|
Илья Амигуд
Илья Амигуд

Эрик Красный

Вышедшая на английском языке новая биография британского историка Eric Hobsbawm: A Life in History Ричарда Эванса демонстрирует судьбу выдающегося марксистского мыслителя в перипетиях 20 века.

Эрик Хобсбаум умер в 2012 году в 95-летнем возрасте. Семья похоронила его на лондонском Хайгейтском кладбище, неподалеку от могилы Маркса. Это весьма подходящее место для ученого, чьи работы были посвящены таким проблемам, как переход от феодализма к капитализму и зарождение современного рабочего класса, отмечает обозреватель издания Tablet Адам Кирш.

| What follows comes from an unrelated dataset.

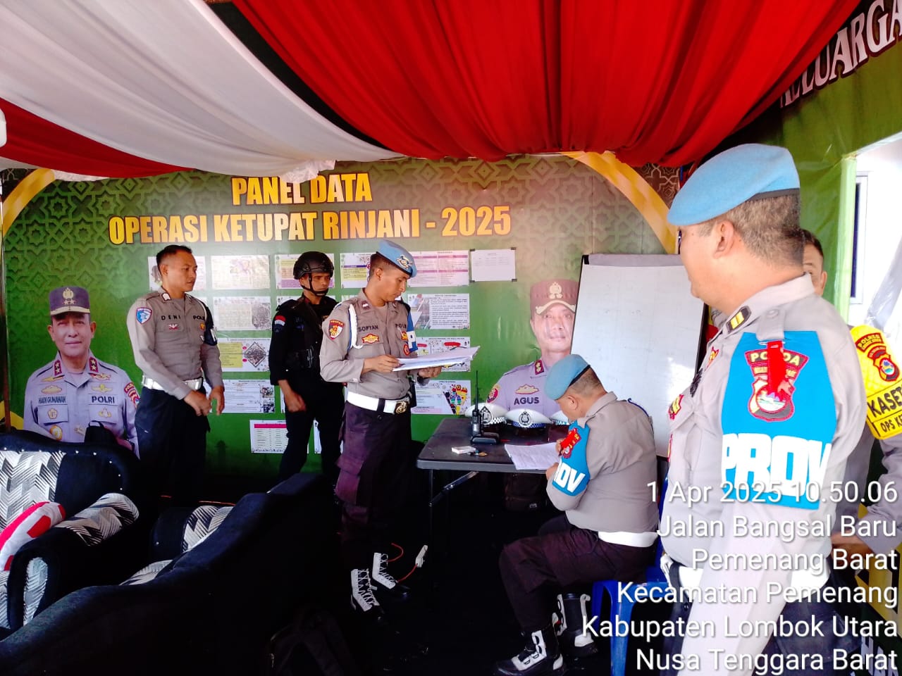 Gatanews.id | Mataram, NTB – Demi memastikan Operasi Ketupat Rinjani 2025 berjalan sesuai Standar Operasional Prosedur (SOP), Subsatgas Propam Polda NTB melaksanakan pengecekan personel di Pos Pelayanan Bangsal, Pemenang, Kabupaten Lombok Utara, Selasa (01/04/2025).

Научная репутация Хобсбаума сложилась в 60-х годах, когда вышли его работы, посвященные истории рабочего движения. В частности, резонанс имела его монография о луддитах (участниках стихийных протестов первой четверти XIX века против внедрения машин в ходе промышленной революции в Англии. С точки зрения луддитов, машины вытесняли из производства людей). Луддиты и другие ранние рабочие движения выражали сопротивление только зарождавшегося промышленного пролетариата власти буржуазии.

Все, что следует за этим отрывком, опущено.